Para Victor Saguier, da Câmara de Erva-Mate, existe uma crescente consciência do setor sobre cuidados ambientais, o que levou à redução do uso do glifosato, embora não existam estatísticas oficiais. “As altas temperaturas do processo de secagem não deixam vestígios de glifosato”, diz ele, acrescentando que alternativas biológicas são cada vez mais utilizadas para substituir o pesticida.

O futuro da erva-mate

O ano de 2021 registrou recordes de produção e consumo de erva-mate na Argentina, segundo a Inym. Foram colhidas e encaminhadas ao processamento mais de 882 mil toneladas de folhas — aumento de 9% em relação a 2020 —, enquanto foram consumidas pelo mercado doméstico 283 mil toneladas de erva-mate, 5,5% a mais que no ano anterior.

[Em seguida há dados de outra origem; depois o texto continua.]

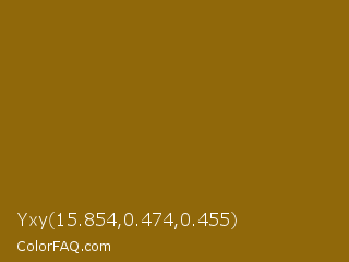 Yxy 15.854,0.474,0.455 Color is a dark orange color and the nearest color is Corn Harvest #8b6b0b. Hex code #90680a and RGB value is rgb(144,104,10). In RGB color space, this color is composed of 56% red, 41% green, 4% blue, In CMYK color space, this color is composed of 0% cyan, 28% magenta, 93% yellow , 44% black , In HSL color space, this color has a hue angle of 42° , 87% saturation and 30% lightness.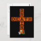 Uma cruz tem a palavra "cérebro" na vertical e a palavra "morte" na barra transversal, ambas compartilhando a letra "e". Na base há uma lápide, árvore morta e lua. Presente para Grande Ateu e camiseta.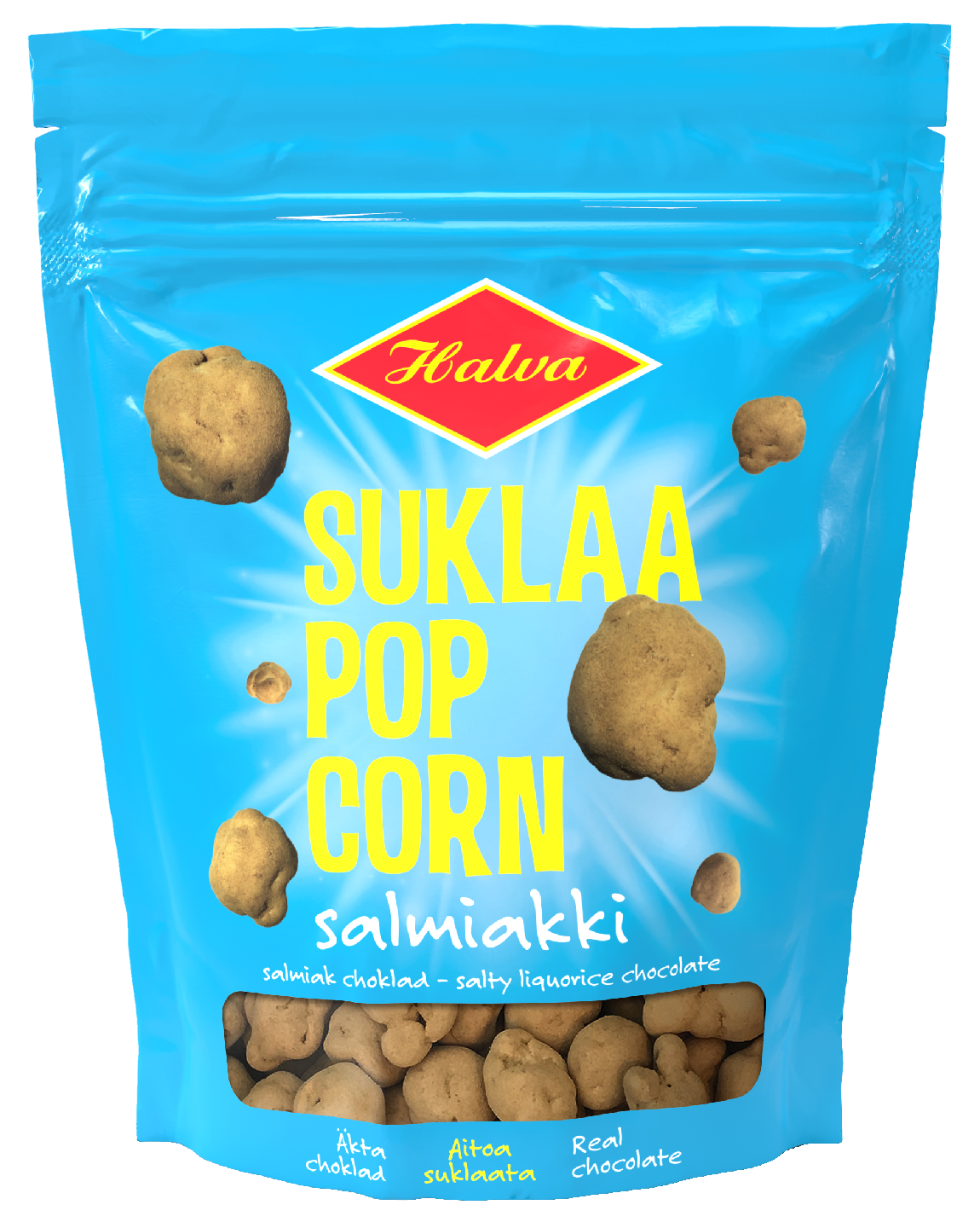 Supertriplamultimaku! Valkosuklaalla kuorrutettuja popcorneja, päällä salmiakkijauhe. Koukuttava nautinto!

Saguier, que também é gerente da La Cachuera, empresa que vende a Amanda, outra marca de erva-mate, diz que os consumidores locais estão mais conscientes e que há uma demanda crescente pelo produto orgânico. “A Amanda foi uma das primeiras empresas a produzir erva-mate orgânica. A demanda aumentou há cinco anos, e ela vai se tornar ainda mais relevante”, diz.

Poderíamos avançar no mercado chinês com a erva-mate matcha, o chá verde de erva-mate e o chá preto da erva

Em relação ao consumo na China, Wang Jinjun, gerente geral da Benben Trading, importadora chinesa da Playadito, diz que a proporção de pessoas que bebem erva-mate regularmente na China ainda é relativamente pequena. Mas ele acredita que existem várias áreas potenciais para a inovação: “Poderíamos avançar no mercado chinês com a erva-mate matcha, o chá verde de erva-mate e o chá preto da erva”.

Novos produtos incluem o Viva Mate Orgânico da Red Bull, lançado na Suíça como piloto para o mercado europeu, e a linha Perrier Energize, lançada pela Perrier, marca de água engarrafada da Nestlé, que inclui extratos de erva-mate com outros sabores.

Na mesma linha, Saguier acredita que o desafio seja atrair o consumidor chinês pela variedade de produtos, sem tentar competir com o chá: “Nos últimos anos, foram lançadas bebidas com sabor de erva-mate, e essa pode ser a melhor forma de entrar no mercado”.